Остров Капри был сыр и
темен в этот вечер. Но тут он на минуту ожил, кое-где осветился. На верху горы,
на площадке фуникулера, уже опять стояла толпа тех, на обязанности которых
лежало достойно принять господина из Сан-Франциско. Были и другие приезжие, но
не заслуживающие внимания, - несколько русских, поселившихся на Капри,
неряшливых и рассеянных, в очках, с бородами, с поднятыми воротниками стареньких
пальтишек, и компания длинноногих, круглоголовых немецких юношей в тирольских
костюмах и с холщовыми сумками за плечами, не нуждающихся ни в чьих услугах и
совсем не щедрых на траты. Господин из Сан-Франциско, спокойно сторонившийся и
от тех, и от других, был сразу замечен. Ему и его дамам торопливо помогли выйти,
перед ним побежали вперед, указывая дорогу, его снова окружили мальчишки и те
дюжие каприйские бабы, что носят на головах чемоданы и сундуки порядочных
туристов. Застучали по маленькой, точно оперной площади, над которой качался от
влажного ветра электрический шар, их деревянные ножные скамеечки, по-птичьему
засвистала и закувыркалась через голову орава мальчишек -и как по сцене пошел
среди них господин из Сан-Франциско к какой-то средневековой арке под слитыми в
одно домами, за которой покато вела к сияющему впереди подъезду отеля звонкая
уличка с вихром пальмы над плоскими крышами налево и синими звездами на черном
небе вверху, впереди. И все было похоже на то, что это в честь гостей из
Сан-Франциско ожил каменный сырой городок на скалистом островке в Средиземном
море, что это они сделали таким счастливым и радушным хозяина отеля, что только
их ждал китайский гонг, завывавший по всем этажам сбор к обеду, едва вступили
они в вестибюль.
Вежливо и изысканно поклонившийся хозяин, отменно
элегантный молодой человек, встретивший их, на мгновение поразил господина из
Сан-Франциско: он вдруг вспомнил, что нынче ночью, среди прочей путаницы,
осаждавшей его во сне, он видел именно этого джентльмена, точь-в-точь такого же,
как этот, в той же визитке и с той же зеркально причесанной головою. Удивленный,
он даже чуть было не приостановился. Но как в душе его уже давным-давно не
осталось ни даже горчичного семени каких-либо так называемых мистических чувств,
то сейчас же и померкло его удивление: шутя сказал он об этом странном
совпадении сна и действительности жене и дочери, проходя по коридору отеля.

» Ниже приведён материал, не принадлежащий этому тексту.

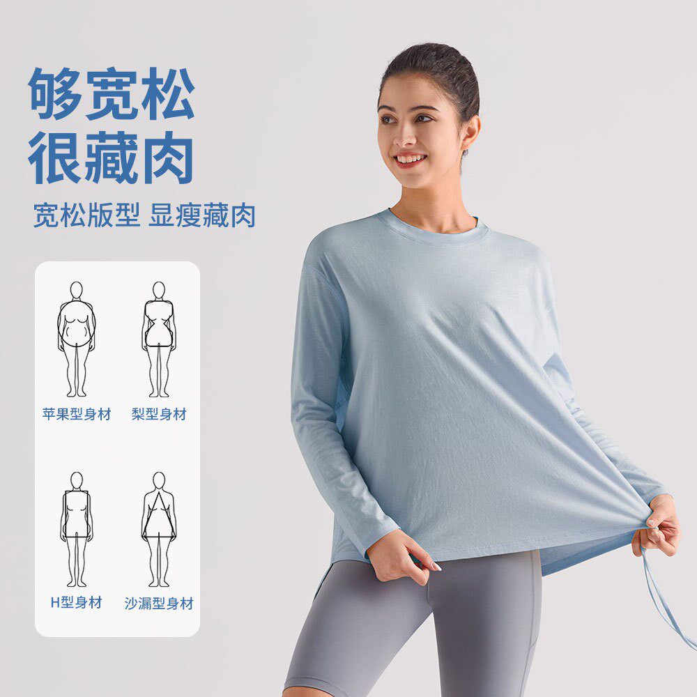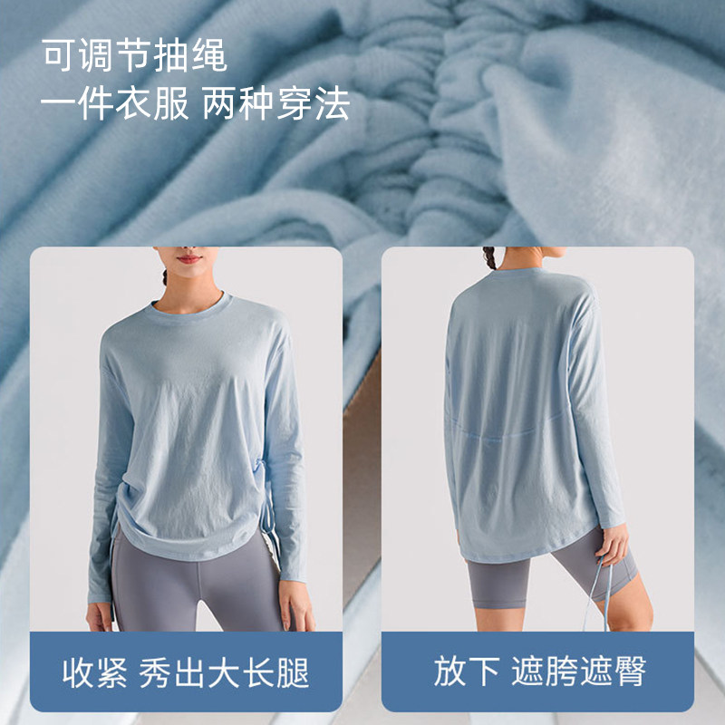 春夏瑜伽长袖罩衫女透气速干运动上衣宽松抽绳健身运动遮屁股长款
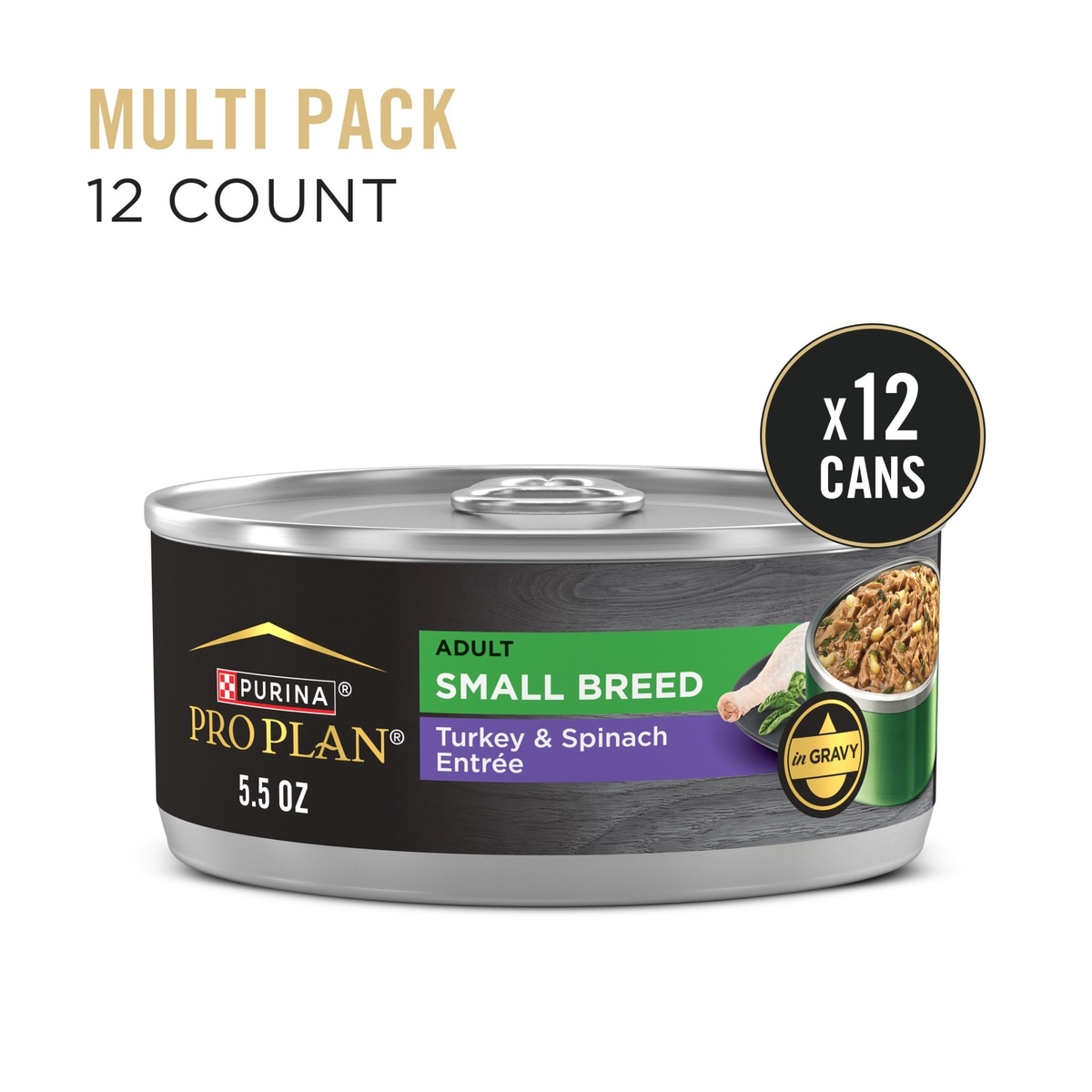 Purina Pro Plan Adult Small Breed High-Protein Turkey & Spinach Entree in Gravy Shredded Wet Dog Food, 5.5-oz can, case of 24
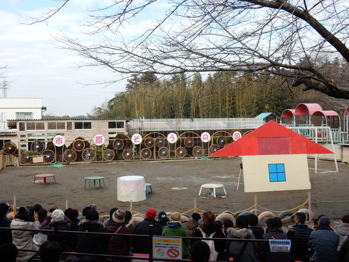 誰も何も言わないまま時間は過ぎ・・・こちらから見て右側にあった家が倒壊。(爆笑)突然過ぎて会場から「失敗か!?」的な不安な空気が漂います。(笑)

Дочь, однако, с тревогой взглянула на него в эту минуту: сердце ее вдруг сжала
тоска, чувство страшного одиночества на этом чужом, темном острове...
Только что отбыла гостившая на Капри высокая особа - Рейс XVII. И гостям
из Сан-Франциско отвели те самые апартаменты, что занимал он. К ним приставили
самую красивую и умелую горничную, бельгийку, с тонкой и твердой от корсета
талией и в крахмальном чепчике в виде маленькой зубчатой короны, и самого
видного из лакеев, угольно-черного, огнеглазого сицилийца, и самого расторопного
коридорного, маленького и полного Луиджи, много переменившего подобных мест на
своем веку. А через минуту в дверь комнаты господина из Сан-Франциско легонько
стукнул француз-метрдотель, явившийся, чтобы узнать, будут ли господа приезжие
обедать, и в случае утвердительного ответа, в котором, впрочем, не было
сомнения, доложить, что сегодня лангуст, ростбиф, спаржа, фазаны и так далее.
Пол еще ходил под господином из Сан-Франциско, - так закачал его этот дрянной
итальянский пароходишко, - но он не спеша, собственноручно, хотя с непривычки и
не совсем ловко, закрыл хлопнувшее при входе метрдотеля окно, из которого
пахнуло запахом дальней кухни и мокрых цветов в саду, и с неторопливой
отчетливостью ответил, что обедать они будут, что столик для них должен быть
поставлен подальше от дверей, в самой глубине залы, что пить они будут вино
местное, и каждому его слову метрдотель поддакивал в самых разнообразных
интонациях, имевших, однако, только тот смысл, что нет и не может быть сомнения
в правоте желаний господина из Сан-Франциско и что все будет исполнено в
точности. Напоследок он склонил голову и деликатно спросил:
- Все, сэр?
И, получив в ответ медлительное "yes", прибавил, что сегодня у них в
вестибюле тарантелла - танцуют Кармелла и Джузеппе, известные всей Италии и
"всему миру туристов".
- Я видел ее на открытках, - сказал господин из
Сан-Франциско ничего не выражающим голосом. - А этот Джузеппе - ее муж?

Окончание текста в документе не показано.